Por Héctor Loya/ El Informador
En los últimos años, se ha vuelto cada vez más común escuchar entre jóvenes frases como “quiero ganar dinero rápido”, “no quiero trabajar toda la vida” o “quiero ser rico antes de los 30”. Este cambio de mentalidad no es casualidad. Vivimos en una era donde las redes sociales han transformado la percepción del éxito, vendiendo la idea de que la riqueza puede alcanzarse sin esfuerzo, sin preparación y, sobre todo, sin tiempo.
La llamada cultura del “dinero fácil” se ha instalado con fuerza en la mente de muchos jóvenes.
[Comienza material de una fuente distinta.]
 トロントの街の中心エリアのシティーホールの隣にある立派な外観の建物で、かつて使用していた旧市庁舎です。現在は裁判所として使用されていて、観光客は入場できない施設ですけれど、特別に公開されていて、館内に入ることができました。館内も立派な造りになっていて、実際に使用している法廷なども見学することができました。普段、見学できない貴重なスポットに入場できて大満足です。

Influencers mostrando autos de lujo, viajes constantes y estilos de vida aparentemente perfectos han creado una narrativa donde el éxito parece inmediato. Sin embargo, lo que pocas veces se muestra es el contexto real: el trabajo detrás, los privilegios previos o, en muchos casos, la falta de transparencia sobre cómo se obtiene ese dinero.
Este fenómeno no solo genera expectativas irreales, también provoca frustración. Cuando los resultados no llegan rápido, muchos jóvenes se sienten fracasados, aun cuando apenas están comenzando su vida laboral o académica. Se pierde de vista que el crecimiento personal, profesional y económico es un proceso que requiere tiempo, disciplina y constancia.
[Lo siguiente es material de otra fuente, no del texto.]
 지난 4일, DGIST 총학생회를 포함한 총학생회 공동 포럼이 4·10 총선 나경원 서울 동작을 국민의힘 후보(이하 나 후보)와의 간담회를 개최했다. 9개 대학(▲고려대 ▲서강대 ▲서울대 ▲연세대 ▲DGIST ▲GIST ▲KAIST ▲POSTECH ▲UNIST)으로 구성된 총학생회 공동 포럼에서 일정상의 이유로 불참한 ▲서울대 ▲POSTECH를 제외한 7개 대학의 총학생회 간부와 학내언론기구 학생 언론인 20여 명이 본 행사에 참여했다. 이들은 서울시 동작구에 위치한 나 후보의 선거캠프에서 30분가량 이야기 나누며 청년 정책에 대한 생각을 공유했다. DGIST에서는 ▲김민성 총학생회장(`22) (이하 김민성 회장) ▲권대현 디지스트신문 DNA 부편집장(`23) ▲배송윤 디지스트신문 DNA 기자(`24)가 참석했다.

Más preocupante aún es que esta mentalidad puede abrir la puerta a decisiones riesgosas. Desde caer en esquemas fraudulentos, hasta involucrarse en actividades ilegales, el deseo de obtener dinero rápido puede llevar a caminos peligrosos. La línea entre la ambición legítima y la desesperación por el éxito inmediato se vuelve cada vez más delgada.
Esto no significa que aspirar a una vida mejor esté mal. Al contrario, es natural querer estabilidad, comodidad y progreso. El problema radica en la forma en que se plantea el camino para lograrlo. Se ha dejado de valorar el esfuerzo, la educación y la experiencia como pilares fundamentales del éxito, reemplazándolos por atajos que pocas veces son sostenibles.
La cultura del “dinero fácil” no solo es una ilusión, es una trampa que puede costar caro. Apostar por el esfuerzo, la preparación y la paciencia no es un mensaje popular en tiempos de inmediatez, pero sigue siendo el camino más seguro. Tal vez no genere millones de un día para otro, pero construye algo mucho más valioso: estabilidad, criterio y futuro.
Porque al final, el verdadero éxito no está en qué tan rápido se gana el dinero, sino en qué tan preparado se está para mantenerlo.